Efficacy results were also encouraging. One-year overall survival and leukemia-free survival both approached 90 percent. Importantly, this benefit extended to ultra–high-risk subgroups, including patients with TP53 mutations, KMT2A (MLL) rearrangements, ZNF384 fusions, and Ph-like ALL, all of whom typically have very poor prognosis. Thus, for high-risk B-ALL patients poorly responsive to standard therapies, VA followed by modified BuCy may provide unexpectedly favorable long-term outcomes and represents a highly promising conditioning strategy.
Expert Profile
Xiaowen Tang, MD, PhD
Professor and Deputy Director, Department of Hematology First Affiliated Hospital of Soochow University Chief Physician; Doctoral Supervisor
Prof. Tang specializes in hematopoietic stem cell transplantation and cellular immunotherapy.

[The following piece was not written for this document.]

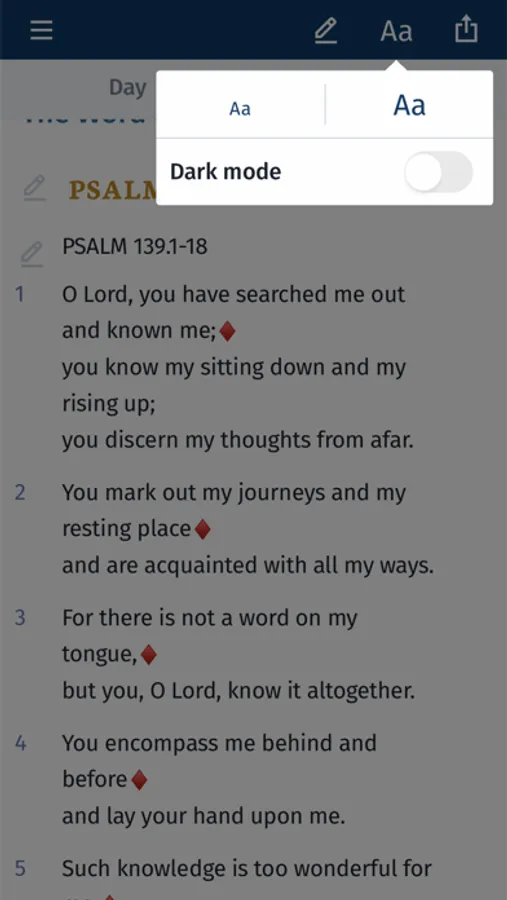 • Full audio is now provided for each service. The app now includes audio versions of both services every day. Tap the play icon to start or pause the audio, and skip forward or backwards through the service using the scroll bar.

He serves as a national committee member of the Hematology Branch of the Chinese Medical Doctor Association, deputy leader of the Hematopoietic Stem Cell Transplantation Working Group of the Chinese Medical Association Hematology Branch, and holds multiple leadership roles in transplantation and immunotherapy societies across China.
He has led major national research projects, including a key joint program of the National Natural Science Foundation of China, three general program grants, and numerous provincial and municipal initiatives. His scientific work has been recognized by national and provincial awards, including the National Science and Technology Progress Award (Second Class). He has pioneered sixteen new technologies and therapies, holds two granted national invention patents, and has four pending.
Prof. Tang has published 47 SCI articles as first or corresponding author, including in Journal of Clinical Oncology and Journal of Hematology & Oncology, with a cumulative impact factor of 344.9. His highest-impact paper (IF 42.1) has been cited 353 times and ranks among the top 1% globally by citation frequency.